OSI layers for the data ecosystem

Towards a flexible and layered data architecture

Whilst listening to an episode of the data engineering podcast (An Exploration Of Tobias’ Experience In Building A Data Lakehouse From Scratch1.), the question: “Why don`t we have an OSI model for data” resonated with me.

A OSI model is missing for data.

The lack of such a reference data architecture model is something I have observed myself in a multitude of other projects - in research but also industry, in particular around the discussion of (re-) building a data platforms or when creating a data mesh. Furthermore, a lot of platforms and (SaaS) tools have spread in the data ecosystem recently - to the point where keeping them all in sync and neatly managed can become a huge challenge.

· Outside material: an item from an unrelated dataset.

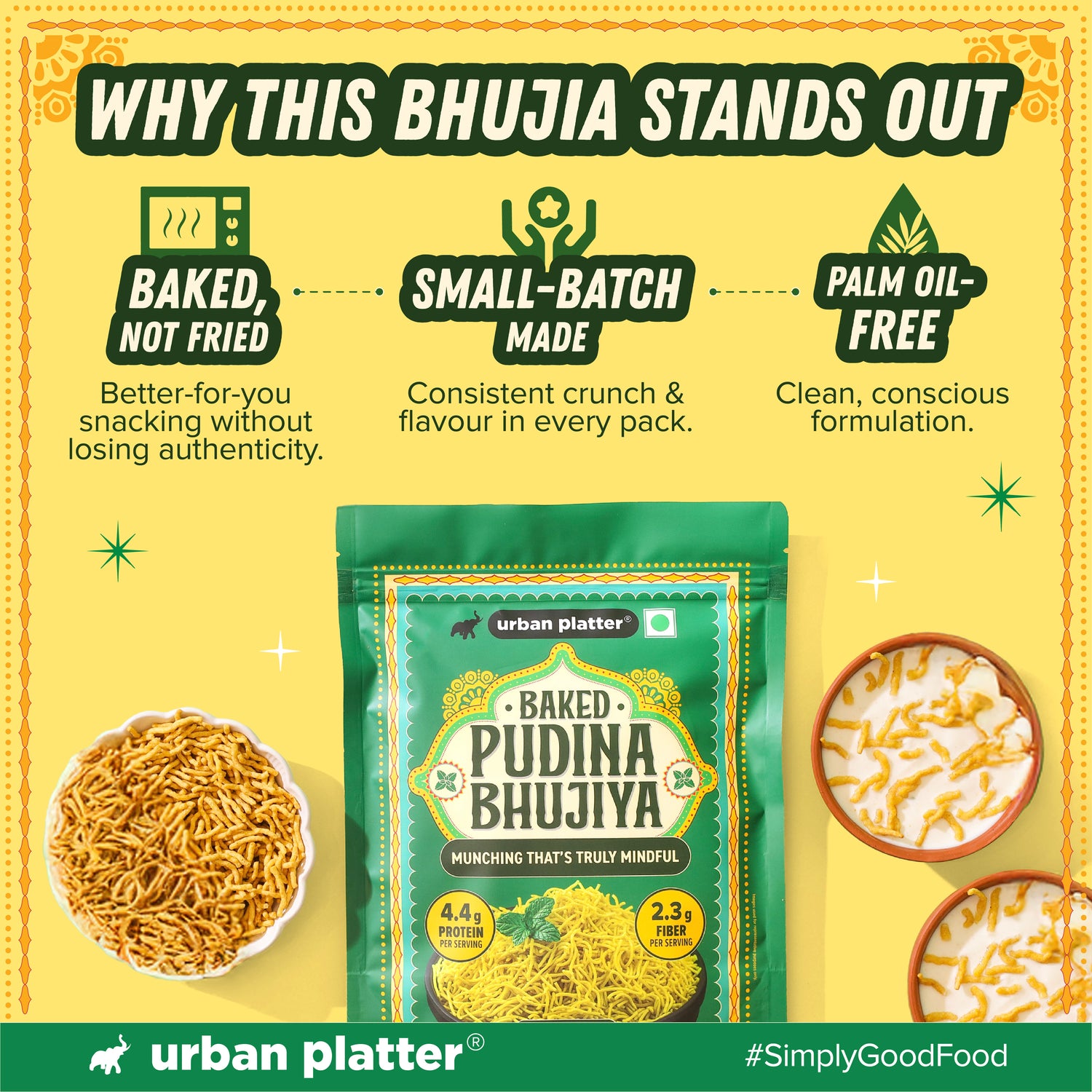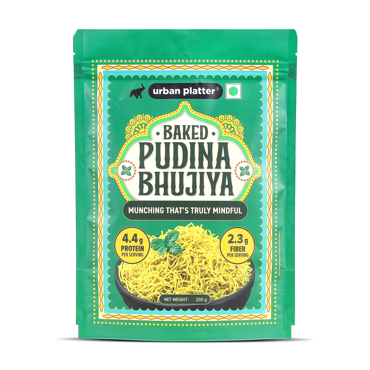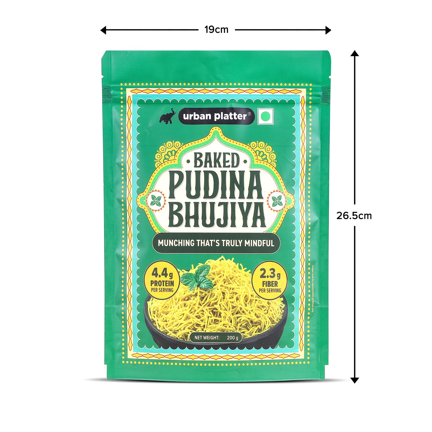 Urban Platter Pudina Baked Bhujiya, 200g (Better-For-You Snack with 4.4g Protein & 2.3g Fibre per Serve; Baked Not Fried)

Who manages the managed services?

In particular these various managed services are often only semi-compatible with each other and central governance can become a problem. Furthermore, they are outside of the control of the data team and version control tools (merge requests, approvals) and changes of these blackbox tools can pose challenges in itself.

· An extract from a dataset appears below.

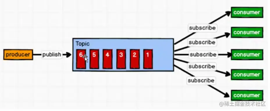 consumer: 消费者pull从broker的topic中拉取消息数据

Commit to the pillars and not the term.

Recently, there has been a lot of buzz around terms like: modern data stack, data mesh or data fabric and there are several vendors trying to sell you on one product to fulfill all your data needs. Instead, everyone would be better off if they would focus on the foundational pillars and sharing reference blueprints2. This is happening for devOps, microservices, service discovery, failover, blue green deployments or rolling releases. However, this is not taking place in the data ecosystem: As a result manual oftentimes imperfect solutions are built as this situation makes it hard to build on top of piror art.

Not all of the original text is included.